Records to process section start

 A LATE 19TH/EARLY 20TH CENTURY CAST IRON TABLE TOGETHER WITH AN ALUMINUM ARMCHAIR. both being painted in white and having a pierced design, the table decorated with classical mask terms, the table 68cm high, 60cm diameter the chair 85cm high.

Records to process section end
Records to process section start

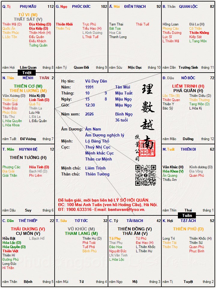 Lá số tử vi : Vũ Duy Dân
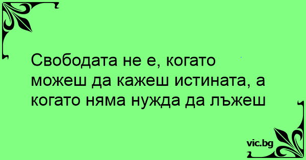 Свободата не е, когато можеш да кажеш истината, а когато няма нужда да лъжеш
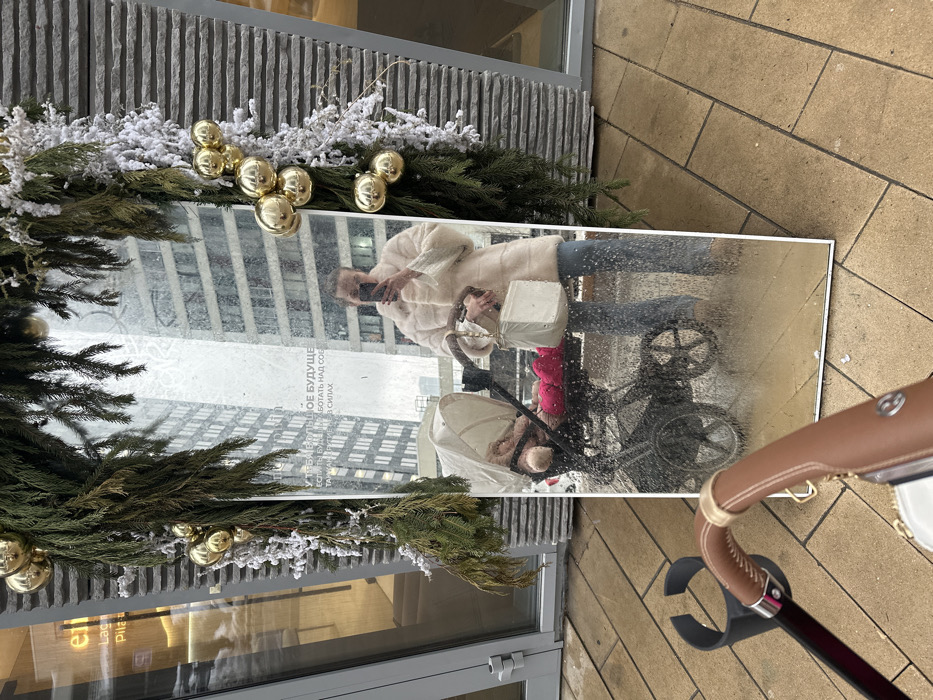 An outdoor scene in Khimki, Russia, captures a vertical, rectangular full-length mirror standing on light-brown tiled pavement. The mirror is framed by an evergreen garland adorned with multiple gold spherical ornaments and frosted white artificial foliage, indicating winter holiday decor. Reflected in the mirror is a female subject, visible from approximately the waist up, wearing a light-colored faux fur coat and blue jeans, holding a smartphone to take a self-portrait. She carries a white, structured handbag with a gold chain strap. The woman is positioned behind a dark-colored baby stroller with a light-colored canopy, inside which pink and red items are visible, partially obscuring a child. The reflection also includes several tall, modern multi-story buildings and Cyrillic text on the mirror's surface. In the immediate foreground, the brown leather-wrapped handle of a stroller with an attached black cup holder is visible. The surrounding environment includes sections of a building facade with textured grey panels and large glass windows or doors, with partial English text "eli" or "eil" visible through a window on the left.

Records to process section end

*Task brief*: Look above for the line with "Lá số tử vi : Vũ Duy Dân" and the line with "Свободата не е, когато", then restate exactly those two lines and all lines between them, with no pictures.

*Exercise solution*:
 Lá số tử vi : Vũ Duy Dân
 Свободата не е, когато можеш да кажеш истината, а когато няма нужда да лъжеш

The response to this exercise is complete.